> EXERCISE DETAILS: For this exercise, write out only the lines of the entries below from the one with "Enjoy Love ‧ 純陽 仿真皺紋凸筋/液態矽膠/軟Q肉彈 加固吸盤老二棒﹝大﹞" up to and including the one with "Impermeable de mujer", exactly as they are. Pictures stay out.

Collected data entries
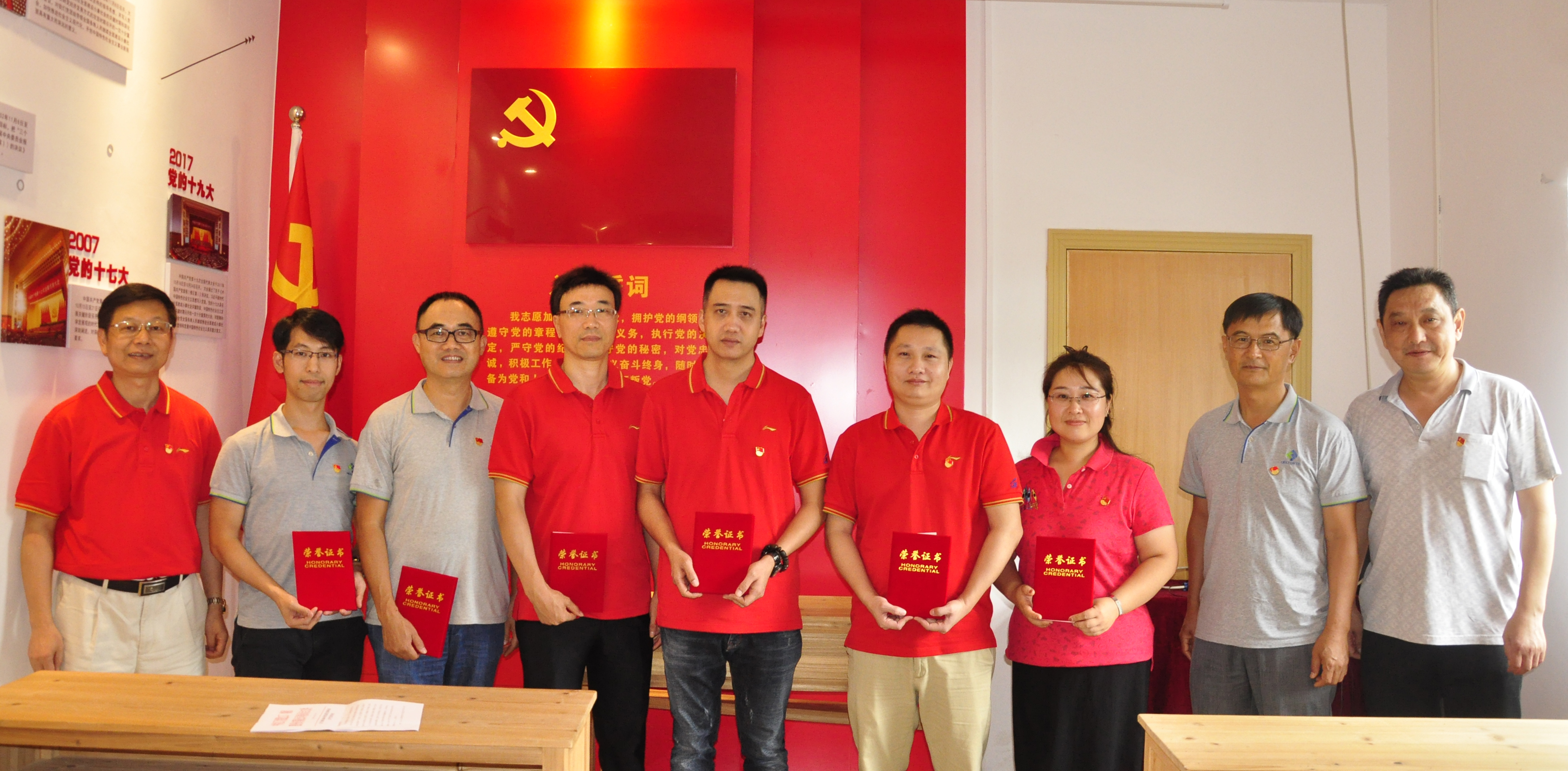 在二樓黨員學習室, 面向黨旗,黨員們莊重地舉起右拳,重溫入黨誓詞;公司黨委莊重地對獲得2019年度先進黨支部公司本部黨支部和李紹昌等6名先進黨員進行表彰;公司黨委書記方小潮簡述了先烈們當年可歌可泣的英勇事跡,指出公司黨委開展七一紀念活動,緬懷革命先烈,旨在激發(fā)黨員愛國愛黨愛崗的情懷,不忘初心,牢記使命,牢記職責,激勵黨員在各個崗位上發(fā)揮先鋒模范作用,為公司轉型發(fā)展多作貢獻。
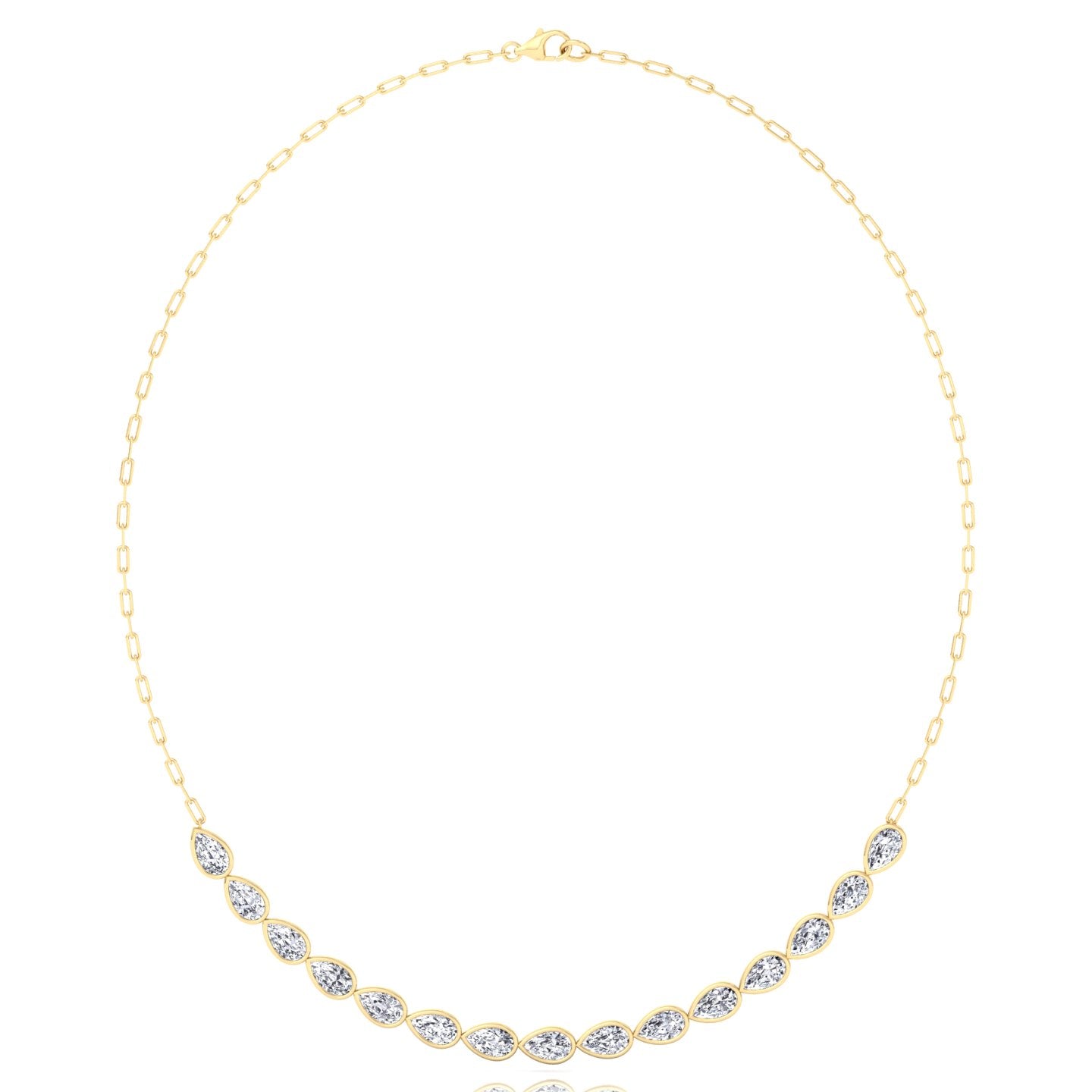 Paper Clip and Pear Shape Bezel Set Diamond Tennis Necklace Yellow Gold 14K 18K
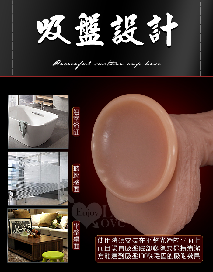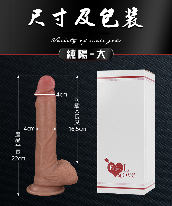 Enjoy Love ‧ 純陽 仿真皺紋凸筋/液態矽膠/軟Q肉彈 加固吸盤老二棒﹝大﹞
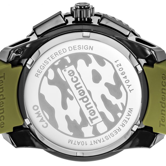 ブランドとしては珍しく、フェイスからストラップまで総柄でデザインされています。クロノグラフ部分にも迷彩柄がプリントされ、テンデンスのDNAである立体インデックスが浮かび上がるようなデザインはインパクト抜群です。
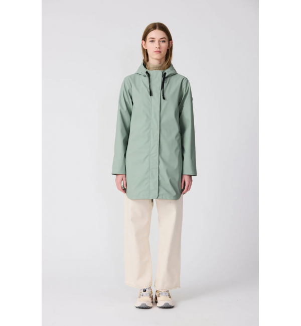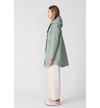 Impermeable de mujer confeccionado en poliuretano que incorpora una capa aislante, ligera y sin plumas
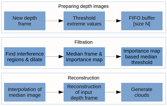 For the suppression and filtering of interference artifacts in the multi-camera system, we proposed an algorithm (see Figure 7). The algorithm is based on interference region extraction and interpolation in a series of images obtained from the camera. The algorithm was proposed mainly for the application of scanning parts of the human body but is not strictly intended only for this application field. The important prerequisite for filtering and interpolation is to have a sufficient number of subsequent depth frames in the buffer. The basic condition is that objects must have the same or very close position in each frame in buffer. This condition is met by fact, that object is static. In the case of the object which can make a move, we have to minimize the buffer size to avoid possible motion artifacts in the resulting depth map.
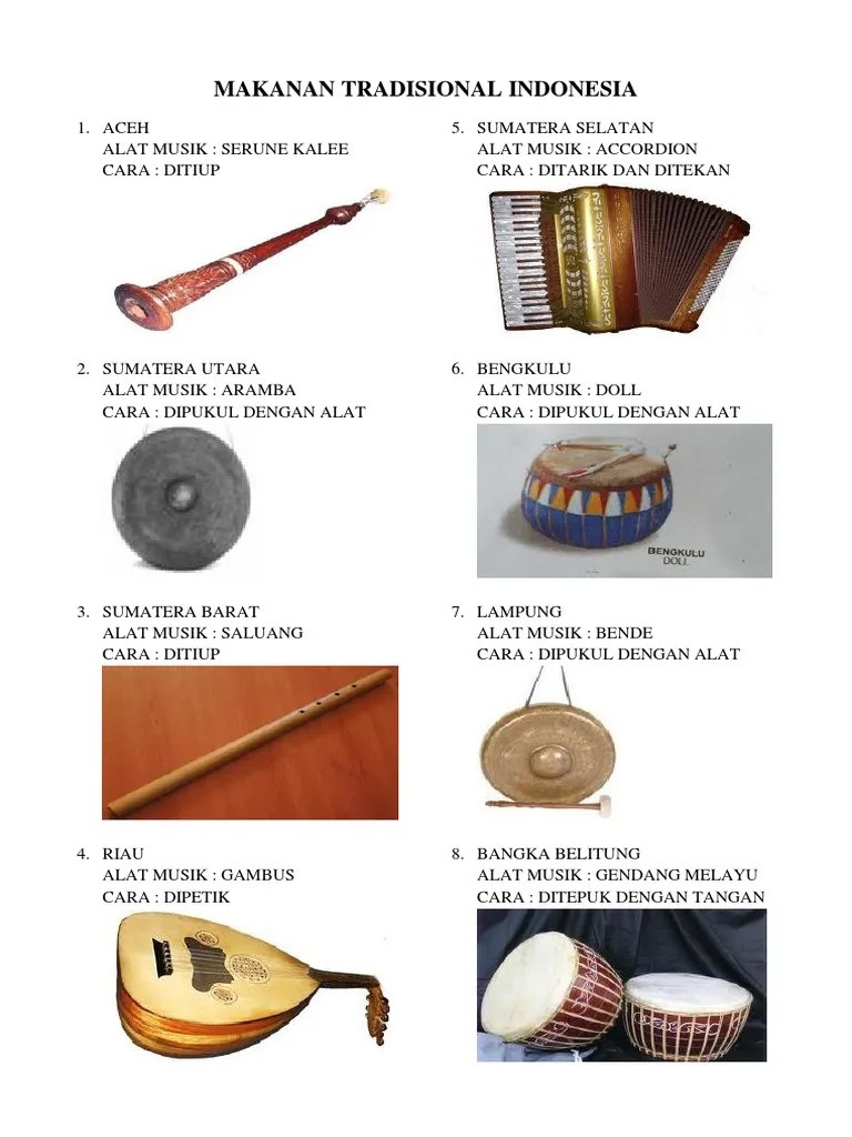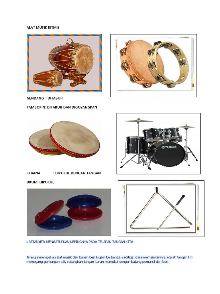 Gendang merupakan alat musik tradisional yang dimainkan dengan cara dipukul. Kendang · alat musik yang dipukul: Jelaskan asal alat musik itu, cara memainkannya, serta cara terjadinya bunyi. Sebagian besar alat musik ritmis dimainkan dengan cara dipukul, baik yang dipukul langsung dengan tangan ke permukaan alat musik atau dengan . Instrumen idiophone dapat dibuat dari .

> EXERCISE RESULT:
 Enjoy Love ‧ 純陽 仿真皺紋凸筋/液態矽膠/軟Q肉彈 加固吸盤老二棒﹝大﹞
 ブランドとしては珍しく、フェイスからストラップまで総柄でデザインされています。クロノグラフ部分にも迷彩柄がプリントされ、テンデンスのDNAである立体インデックスが浮かび上がるようなデザインはインパクト抜群です。
 Impermeable de mujer confeccionado en poliuretano que incorpora una capa aislante, ligera y sin plumas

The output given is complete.